For instance, at least 8 different genes impact skin color. The combined effect of variations in these numerous genes leads to the child’s skin tone. Rather than categorizing traits like skin color as simply dominant or recessive, polygenic inheritance produces a spectrum of possible outcomes depending on which variations of the involved genes are inherited.
Random Assortment
The inheritance of genes occurs randomly during conception when chromosomes from the egg and sperm come together. While a child always inherits exactly half of the DNA from each parent, it is a matter of chance which copies of each chromosome pair get passed down. Siblings can have markedly different genetic inheritance as a result of this randomness. One child might share more DNA with the father, while another child may share more traits with the mother due to variances in inherited genes.
Epigenetics
While genetics determine the possibilities, a process called epigenetics influences how genes are actually expressed. Environmental factors and lifestyle choices can activate or deactivate certain genes through chemical changes that turn them on or off. A classic example is identical twins, who share the exact same DNA but may develop different physical traits over their lifetimes based on epigenetic changes. Diet, exercise, stress levels and other external conditions create epigenetic tags on DNA that affect gene expression. Therefore, genetics lay the foundation, but the actual manifestation of traits is influenced by forces outside the gene code itself.
Sex Chromosomes
The sex chromosomes (X and Y) also influence what physical characteristics can be inherited. Certain genes are only carried on the X or Y chromosome. For example, genes for facial hair occur on the Y chromosome. A baby boy inherits X chromosome genes from his mother and Y chromosome genes from his father. This means certain traits like facial hair come exclusively from Dad.
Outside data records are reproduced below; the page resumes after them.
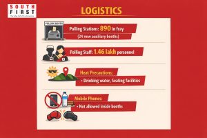 With April heat a concern, arrangements include drinking water and seating facilities at polling stations. Mobile phones will not be permitted inside; voters will need to deposit them at designated counters before entering.
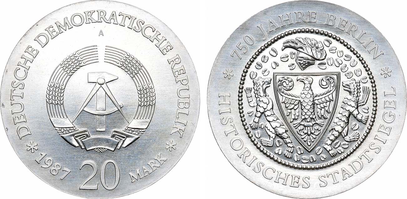 Серебро. 20,95г. Берлин (А). Отчеканена в память 750-летия Берлина. KM 119.1. Jaeger 1617. UNC.
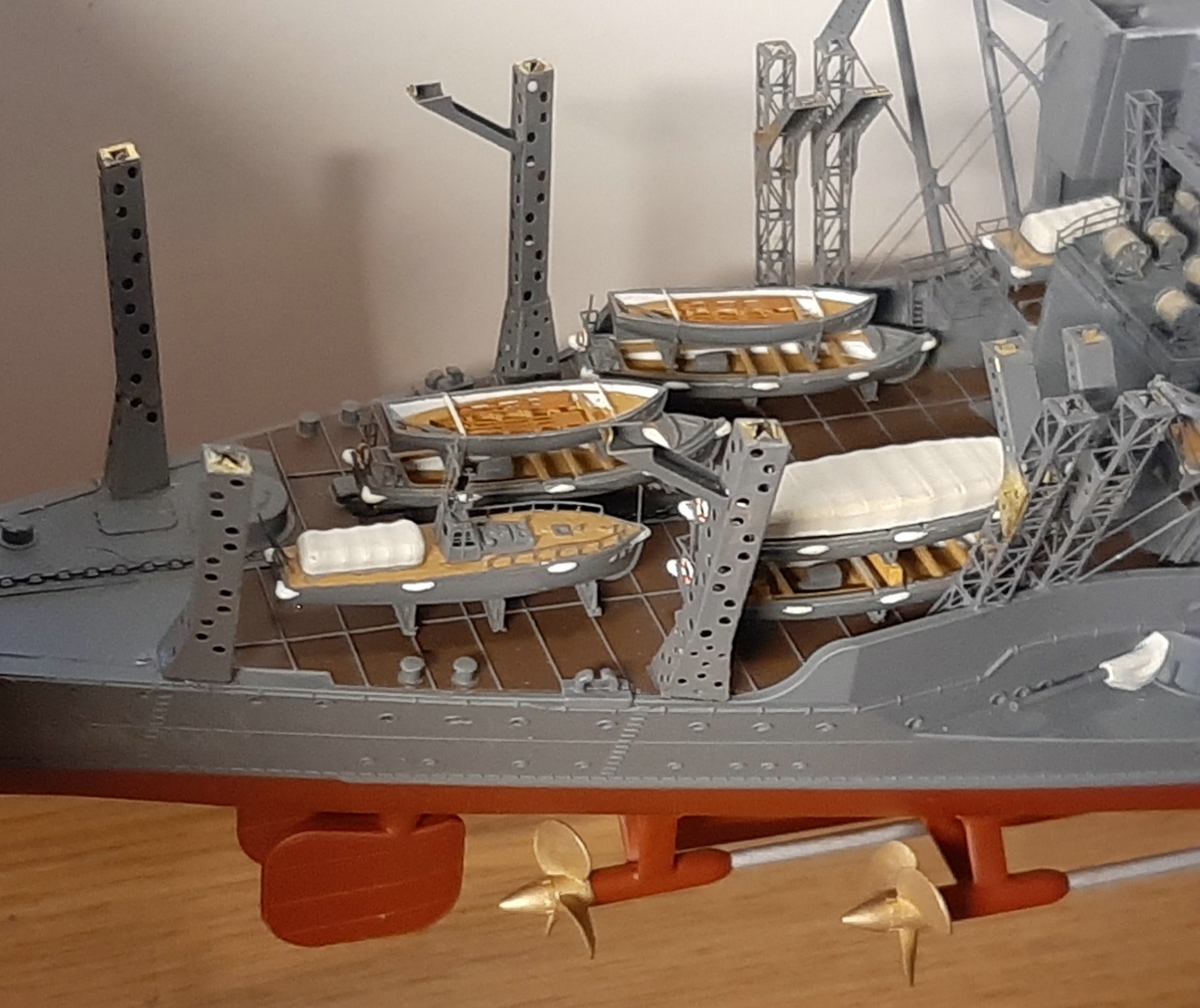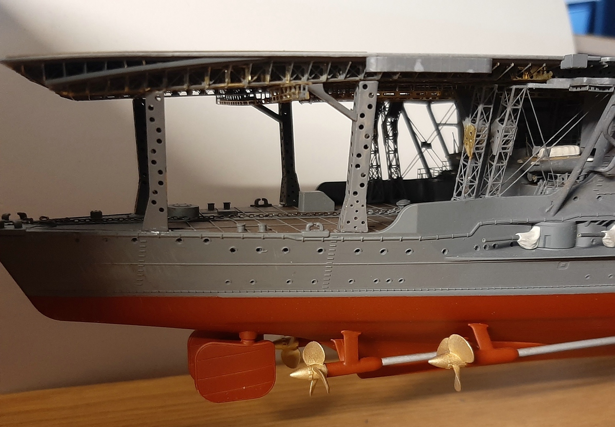 Und die Boote endgültig verklebt. Als nächstes wird das Flugdeck komplettiert, vorher werde ich darauf aber einige Markierungen anbringen.
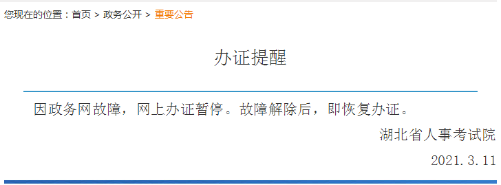 湖北人事考试网发布《办证提醒》,因政务网故障,网上办证暂停。
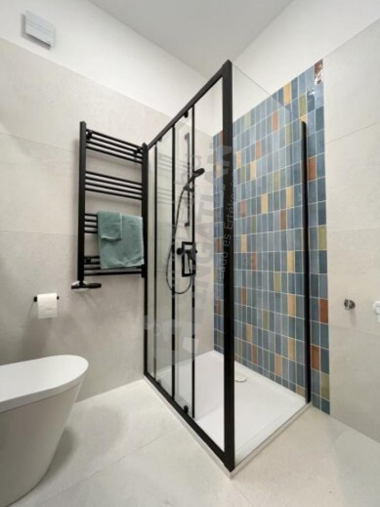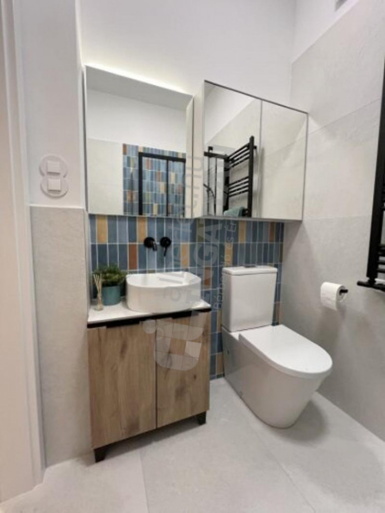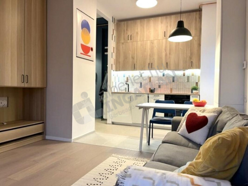 A lakás modern, új konyhabútorral és gépekkel felszerelt, a fürdőszoba pedig esztétikus és igényesen kialakított.

In contrast, a baby girl inherits X chromosomes from both parents, allowing her to display traits like her mother’s facial structure that are encoded on the X chromosome.
Mitochondrial DNA
Mitochondria are organelles that generate energy in cells and contain their own DNA called mtDNA. Mitochondrial DNA passes directly from a mother to her offspring. Paternal mtDNA is usually destroyed during fertilization. Daughters inherit exact copies of their mother’s mtDNA, while sons inherit only a copy. This means that characteristics influenced by mitochondrial DNA are only inherited maternally.
Genetic Disorders
If either parent carries genetic mutations that cause disorders like cystic fibrosis, sickle cell anemia, or Huntington’s disease, their child may inherit the condition. Diseases caused by abnormal dominant genes have a higher chance of manifesting. But disorders tied to recessive mutations can still occur if both parents, by chance, carry and pass down the same defective gene. Consultation with a genetic counselor allows couples to understand their risks and options when planning children.
Role of Environment
Aside from genetics, a child’s physical environment in the womb also shapes their development and appearance. Nutrition, viruses, toxins, and substances like alcohol or drugs taken by the mother cross the placenta and can impact prenatal growth. Babies of mothers who smoke often have lower birth weight. Poor maternal nutrition or alcohol use may produce facial abnormalities. Stress hormones also cross the placenta and could theoretically influence physical features or temperament. However, the effects of maternal conditions on appearance are complex.
Conclusions
While parents may hope their new baby looks just like Dad or is the spitting image of Mom, the genetic truth is often more blended. Babies inherit a mosaic of genes from both parents. Traits under simple genetic control are more likely to clearly resemble one parent. But for most complex features, the baby represents a combination of inherited genes. The assortment occurs randomly, so appearance and which parent is favored is ultimately unpredictable. Environment also plays a role during gestation. Overall, babies exhibit a unique blend of characteristics from both sides of the family. Certain features may lean more towards one parent, but a variety of genetic factors usually determine who the baby will most resemble.